Ciresi was indicted on August 19, 2010 3 for one count of bribing a local government official, in violation of 18 U.S.C. § 666(a)(2), one count of aiding and abetting an extortion, in violation of 18 U.S.C. §§ 2 and 1951, and one count of conspiring to commit the same crimes, in violation of 18 U.S.C. § 371. The bribery and extortion charges related only to the supermarket bribe. The conspiracy charge also related to the mill bribe.

The indictment included references to a number of recorded statements about Ciresi made by Zambarano to Caranci in the course of both bribes. The government sought to introduce these statements during trial. Zambarano did not testify. Ciresi moved to exclude as hearsay any of Zambarano's statements that postdated the completion of the supermarket bribe. He also objected to the admission of all of Zambarano's statements to Caranci, including the February 9, 2009, conversation, under the Sixth Amendment's Confrontation Clause. Consistent with the procedures we outlined in United States v. Ciampaglia, 628 F.2d 632 (1st Cir.1980), the district court provisionally admitted the statements into evidence. Then, in response to Ciresi's renewal of his hearsay objection at the trial's end, the court ruled that they were properly admitted as nonhearsay under Federal Rule of Evidence 801(d)(2)(E). The district court also summarily rejected Ciresi's constitutional challenge.

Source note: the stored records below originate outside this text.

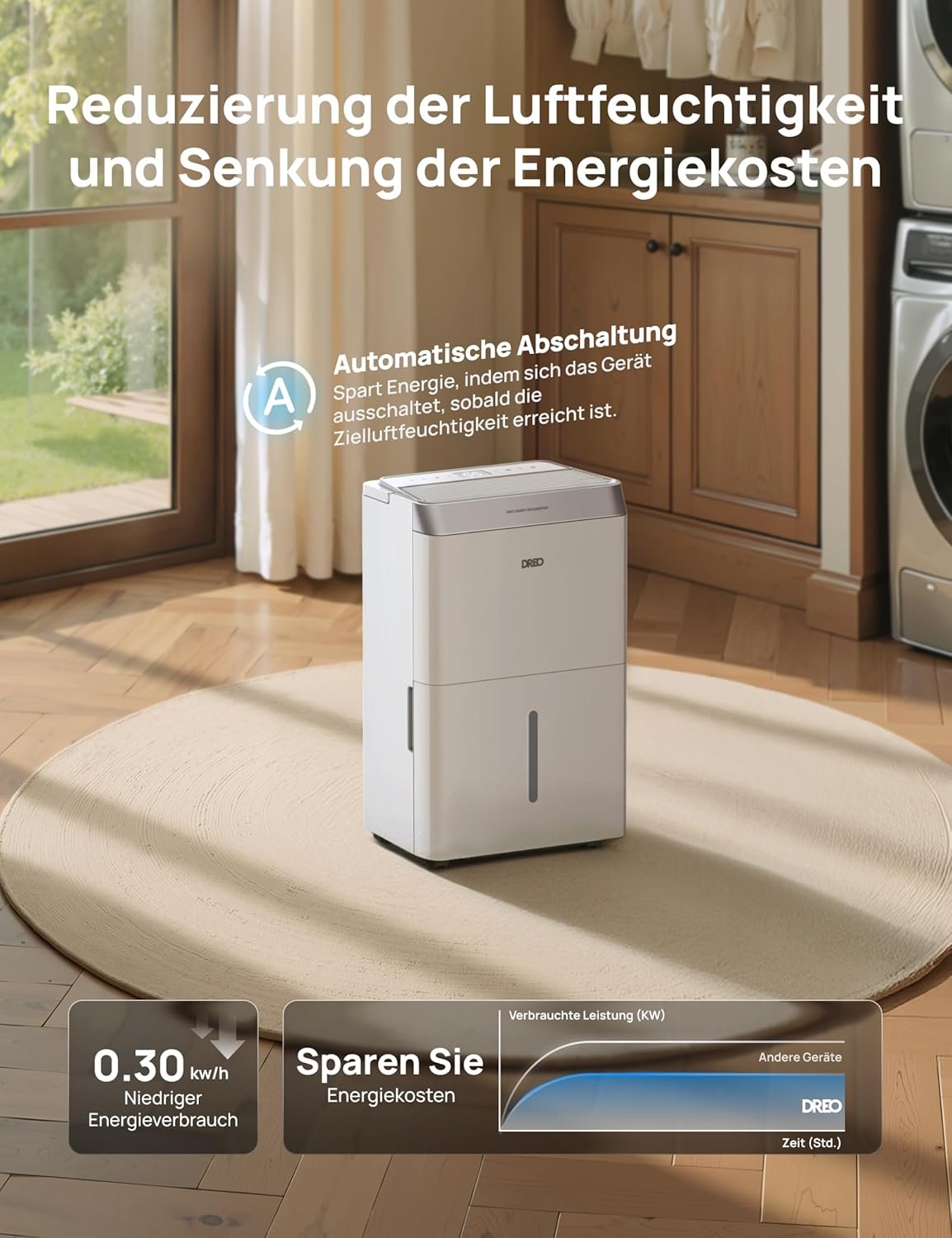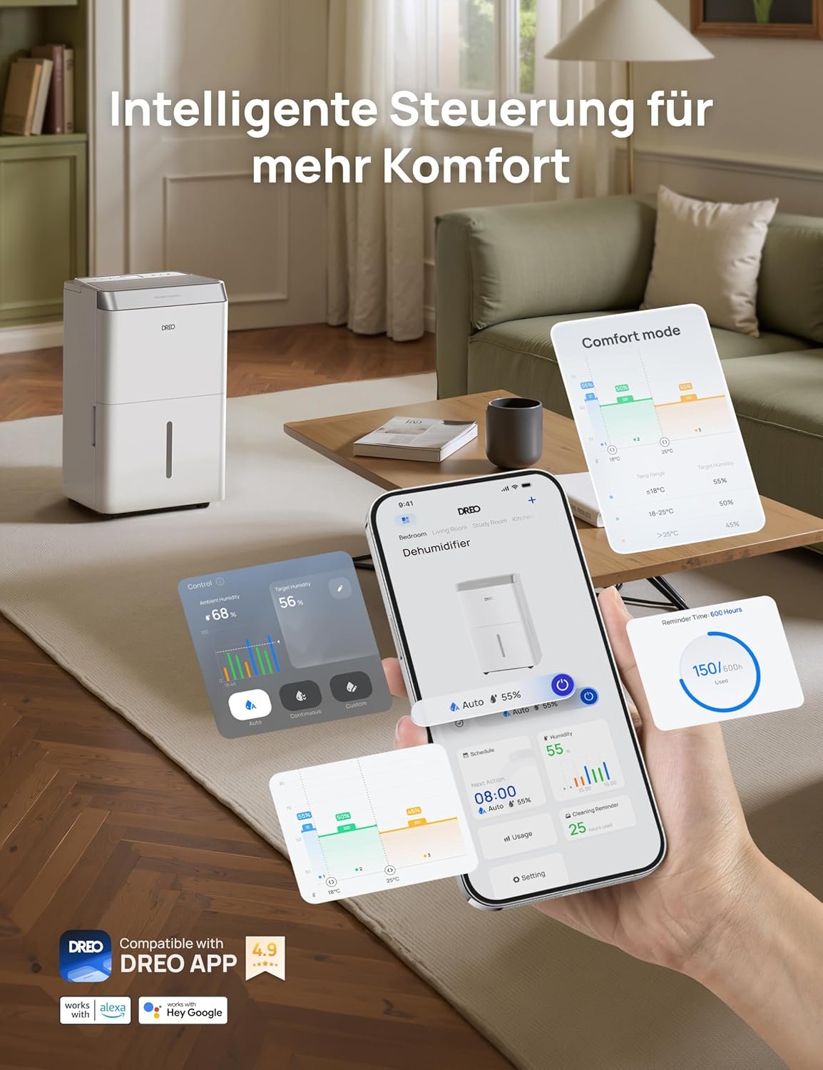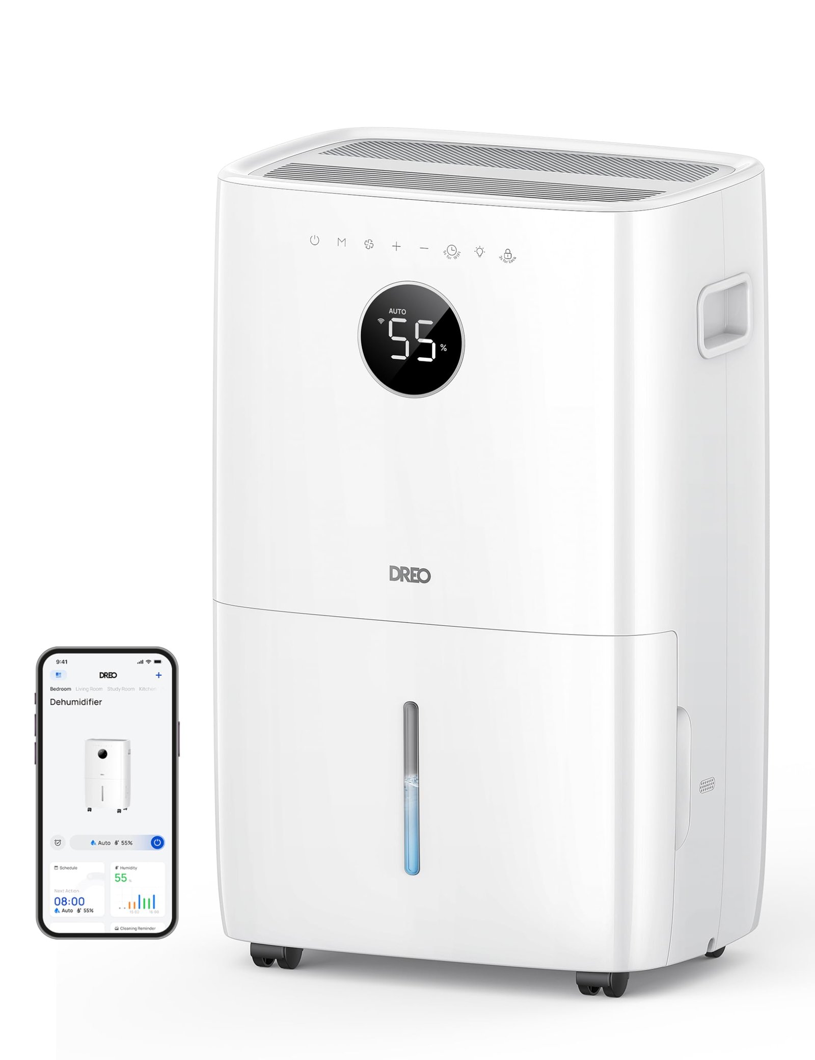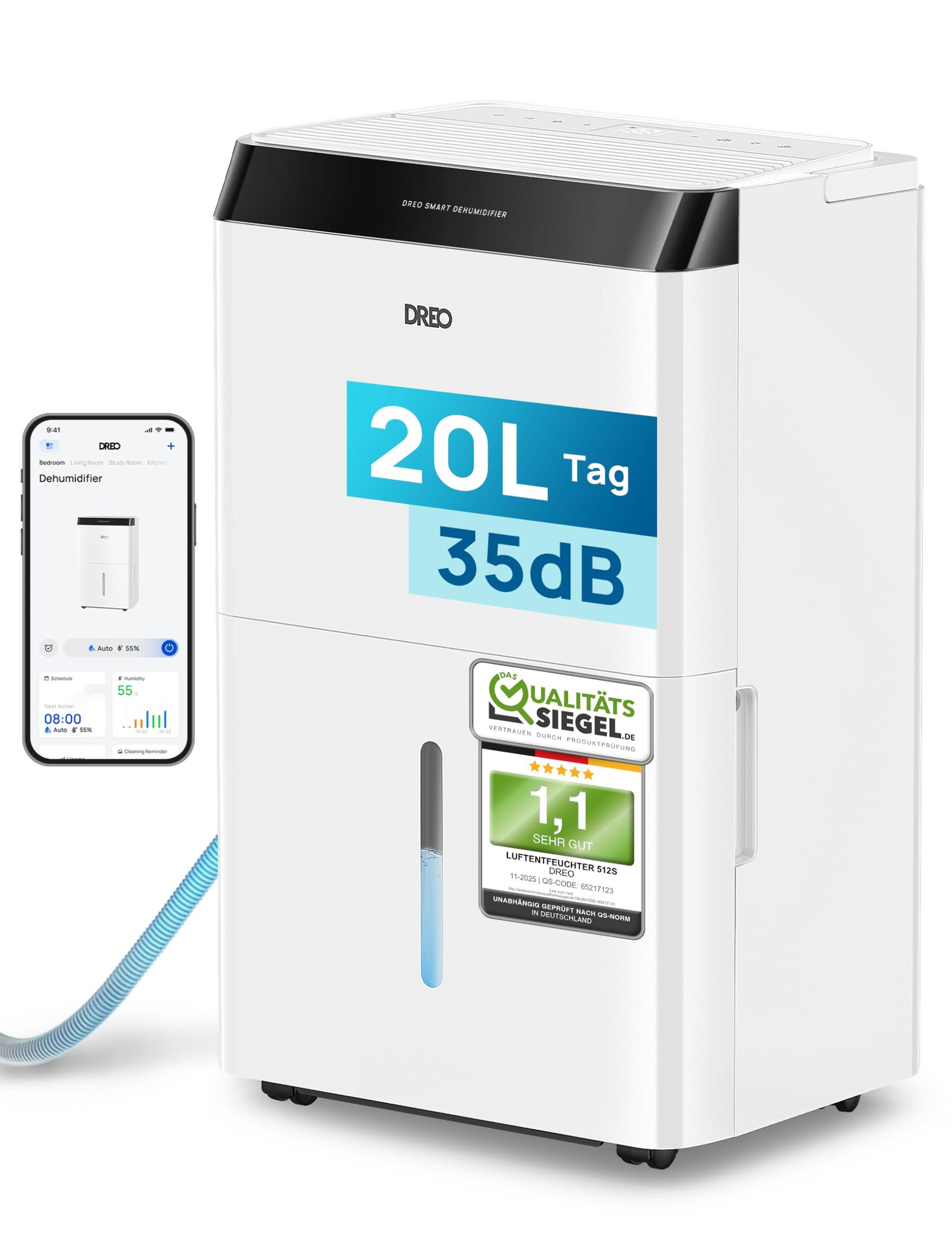 Dreo Smart-Luftentfeuchter 20L/Tag (40m²). App & WLAN, ultra-leise (35dB) mit Wäschemodus & 24h Timer. Ideal für Schlafzimmer & Keller
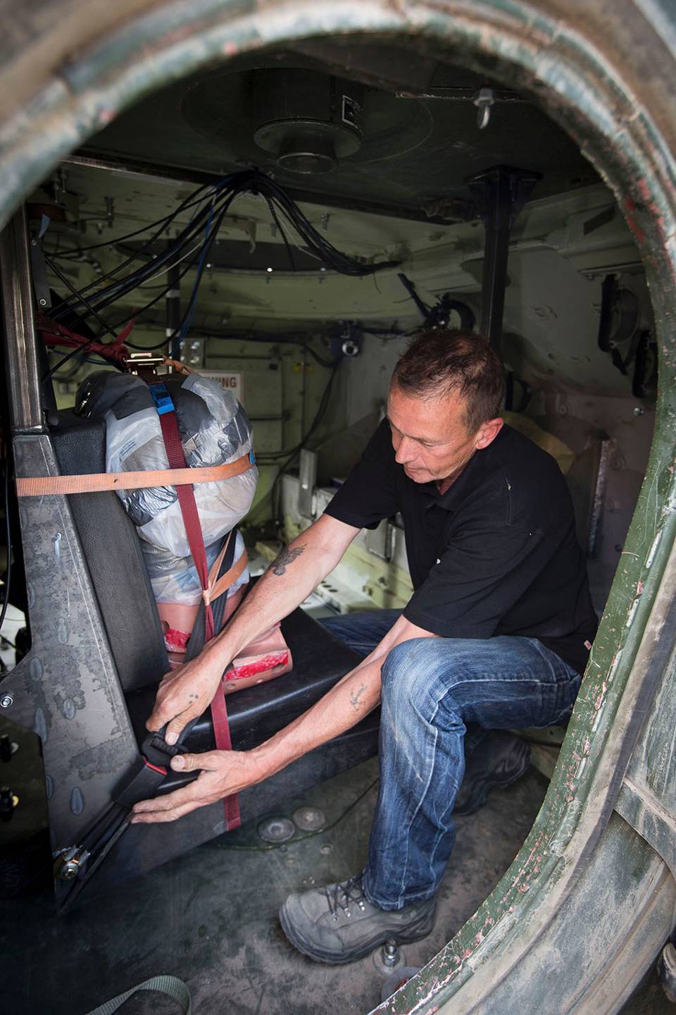 “De bodemplaten van pantservoertuigen zijn de laatste jaren aangepast aan de dreiging van bermbommen”, legt de projectleider uit. “De slachtoffers vallen nu juist na de detonatie. De explosie tilt het voertuig op, inclusief de inzittenden. Vervolgens landt alles en iedereen met een smak weer op de grond.”
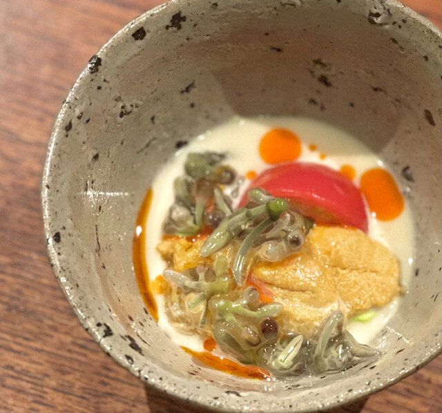 雲丹、枝豆、じゅんさい、冷やし坦々麺胡麻のスープ
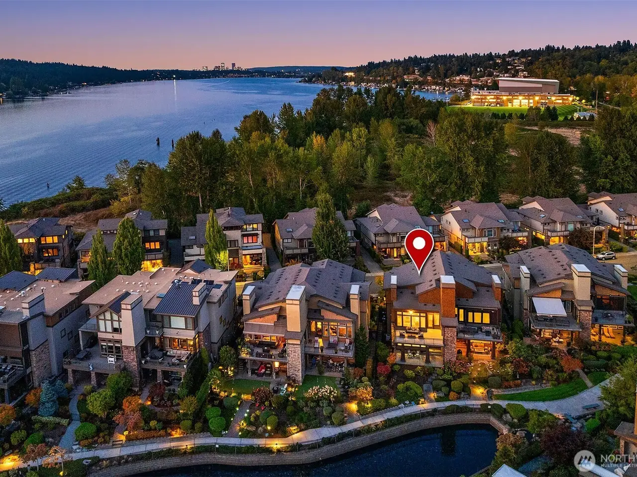 Gorgeous Barbee Mill townhome nestled on the shores of Lake Washington w/views of the lake & beautiful sunsets. Property features large windows designed to maximize sunlight & views. Floor plan includes a spacious great room, tall ceilings, a bonus room & custom finishes throughout. There are decks or patios on each level for indoor-outdoor living. The interiors feature high-end finishes; the backyard is fully fenced w/landscaping & access to the lake along a waterfront path. The owner's clubhouse provides indoor & outdoor kitchens, fire pits, waterfront seating, and a community dock. Activity trails available throughout the property & May Creek. The location is 5 miles from Bellevue w/ convenient access to I-405, SeaTac, shopping & dining.

Ciresi was convicted on April 26, 2011. On August 3, 2011, he received a sentence that included a 63–month term of imprisonment. The district court's Guidelines sentencing calculation took into account both the supermarket bribe and, over Ciresi's protest, the mill bribe. This timely appeal followed.

II.
A. The Hearsay Challenge

The government sought to admit Zambarano's out-of-court statements under Federal Rule of Evidence 801(d)(2)(E). The rule provides that a statement made by a defendant's coconspirator “during the course of and in furtherance of the conspiracy” may be introduced as the nonhearsay admission of a party opponent. Fed.R.Evid. 801(d)(2)(E); see also United States v. Díaz, 670 F.3d 332, 348 (1st Cir.2012); United States v. Fogg, 666 F.3d 13, 15 (1st Cir.2011). The proponent of such a statement must prove, by a preponderance of the evidence, that the declarant and the defendant were members of a conspiracy when the statement was made, and that the statement was made in furtherance of the conspiracy. See United States v. Famania–Roche, 537 F.3d 71, 76 (1st Cir.2008); United States v. Bradshaw, 281 F.3d 278, 283 (1st Cir.2002). A district court's determination “as to whether this burden has been met is known in this circuit as a Petrozziello ruling,” after our holding in United States v. Petrozziello, 548 F.2d 20 (1st Cir.1977). United States v. Mitchell, 596 F.3d 18, 23 (1st Cir.2010); see also Famania–Roche, 537 F.3d at 75.

As we explained in Ciampaglia, a district court is not required to make a Petrozziello ruling prior to admitting a statement under Rule 801(d)(2)(E). Instead, the court may admit the statement...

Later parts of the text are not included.